Sunday, March 6, 2022

International Women's Day March 8, 2024: Apo Baket - Keeper of Time-Honored Tradition and Values (SV2W Series)*

International Women's Day March 8, 2024
Apo Baket'
 Keeper of Time-Honored Tradition and Values

Dr Abe V Rotor

 

Life size concrete icon of an old woman, keeper of time-honored traditional values, enshrined at San Vicente Botanical Garden under the care of the author. San Vicente, Ilocos Sur.  Sculptured by Francisco "Boy" Peralta, and restored by Bhoy Adora.  

She is mother, grandmother, guardian, of countless children through generations throughout the world, teaching them the true values of growing up, to adapt to the ever changing environment, save those values that must not change.

She leads the community, church, school, in fact all facets of life, side by side with men, and behind their struggle, in the likes of Tandang Sora, Fe del Mundo, Gabriella Silang, Leona Florentino, along with Florence Nightingale, Saint Mother Teresa. 

She is the ever-loving mother in the Pieta, symbol of universal love and compassion, dedication, and asceticism on the highest level; the ever-loving partner in marital life vowed "till death do us part," core of the family as the primordial social institution. 

She is the widow of honored men in the battlefield, or by circumstances beyond her control, accepting such fate and bravely taking over the responsibility not only for her own sake, but for those under her care, and society itself.  

She keeps the kitchen of old alive and invitingly delectable as ever - pinakbet, kare-kare, ginatan, sinigang, bulalo, la-ing, papaitan, kilawin, surpassing fast foods, extravagantly labelled foods, culinary preparations lavishly advertised.  

She is the storyteller Lola Basyang, pen name of Severino Reyes, around her, children gather to listen to folktales and make-believe stories, including versions of stories from the Grimm Brothers, Hans Christian Anderson, and Scheherazade in One Thousand and One Arabian Nights. 

She is the mother or grandmother of overseas workers who leave behind their families to secure a better socio-economic status of their families; and under her care their children grow up properly in spite of the absence of father and mother.

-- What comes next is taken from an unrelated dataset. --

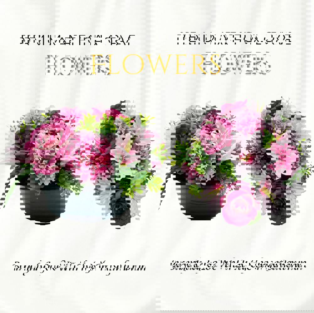 Add a touch of elegance and depth to any memorial with this 24cm arrangement of Burgundy Roses with Lily and Chrysanthemum in a durable weighted pot. Perfect for gravesides, cemeteries, and remembrance gardens, this lifelike floral display offers a rich, heartfelt tribute that endures through all seasons. Crafted from quality, weather-resistant materials, it maintains its beauty without the need for watering or maintenance.
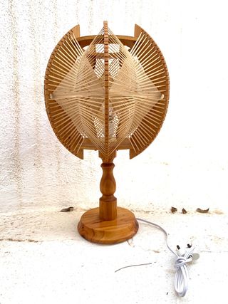 Años 60s. Diseño de tendencia escandinavo. Realizada a mano con rafia natural, entrelazada sobre sus aristas. Conservación excelente en sus cuerdas con algunos desperfectos en partes dentadas. Fotos con detalle. Medidas: tulipa 23 x 23 cm, altura con pié 38 cm. Gran surtido en artículos de tendencia retro en mi perfil. Reciclo, recupero y actualizo. Hilos cuerda mimbre bambú antiguo antigua retro nórdico natural slow deco luminaria kitsch diseño hilo ratán dormitorio mesita de noche antigüedades artesanal foco aplique interior tendencia decoración atrezzo caña bambú boho sol espejo manises murano figura latón caña slowdeco bohemio cristal

She is the yaya, the traditional nanny, who other than taking care of the nursery and growing children, does varied household chores - cooking, cleaning, laundry, errand, marketing, making housekeeping light on the part of parents and children as well. 

She is the weaver of abel (Ilocano blanket), and many household items made of pandan, buri, and tikiw; maker of the finest dress and formal wears made of pina; maker of fine pottery and china wares; and keeper of the old aparador of antiques and memoirs. 

She is the grandmother in Johanna Spyri's novel Heidi; Madame Curie, greatest woman scientist; Mary Shelly, author of Frankenstein, world's scariest bedtime story; Florence Nightingale, the Lady with a Lamp who kept vigil on the sick in the wee hours.   

She is Basang, my auntie-yaya from the time my mother died when I was only two until I went to Manila for college; Lola Usta who painstakingly  applied all local remedies to revive me born a blue baby amidst extreme danger of  WW II breaking out.  

She is the First Lady of a president of state; queen beside a king, or head of state; saint of the church; on the other hand, victim at the gallows; maligned old woman,  the butt of jokes and unkind stories, yet she stands her ground brave and perseverant as the world goes round.  ~

 
Restoration by local sculptor, Bhoy Adora, of the icon originally an unfinished work of the late Francisco "Boy" Peralta, also a native of San Vicente, Ilocos Sur.